# Stories with planetary consciousness



## BronzeOracle (Feb 7, 2015)

Does anyone know any fantasy or SF stories with a planetary consciousness or awareness?  I'm interested in how such a being comes into being, how it is connected with and interacts with other lifeforms, particularly sentient lifeforms, on its world.  

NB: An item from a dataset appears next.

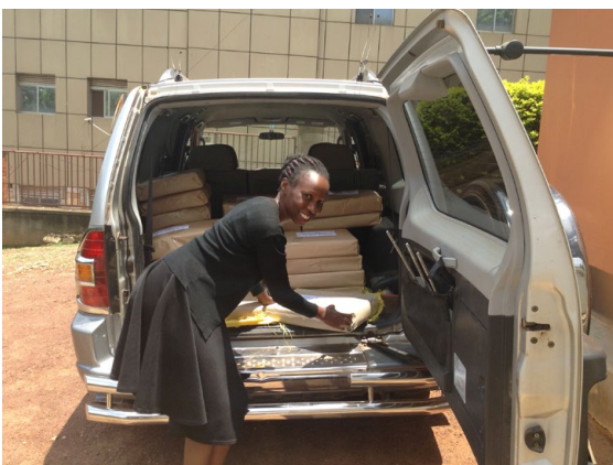
AIM books being delivered

I know there's the Gaea-like god in Avatar and I remember a story from the manga Stardust Memories.  Anything else?


----------



## Devor (Feb 7, 2015)

I know there's Mogo, from Green Lantern.  I don't know enough about the character to answer your questions, but here's the link for you:

Mogo - Green Lantern Wiki - DC Comics, Hal Jordan, Green Lantern Corps

I do know he can speak to the people on him, and also through his Green Lantern power ring.


----------



## Hainted (Feb 7, 2015)

Ego the living planet from Marvel comics is the first to spring to mind. The trope is called Genius Loci and TV Tropes has a whole list of them Main/Genius Loci - Television Tropes & Idioms.


----------



## Mythopoet (Feb 7, 2015)

Foundation and Empire by Isaac Asimov
Nemesis by Isaac Asimov
Solaris by Stanislaw Lem

Those are the ones I can think of. There are probably a lot more but I'm not a big sci fi reader.


----------



## Penpilot (Feb 7, 2015)

I think Final Fantasy the movie deals with something along these lines.


----------



## BronzeOracle (Feb 7, 2015)

Thanks everyone!  Ah Solaris - I liked the film with George Clooney, it was a nice change in SF from typical action based stories.  Has anyone seen the earlier movie?


----------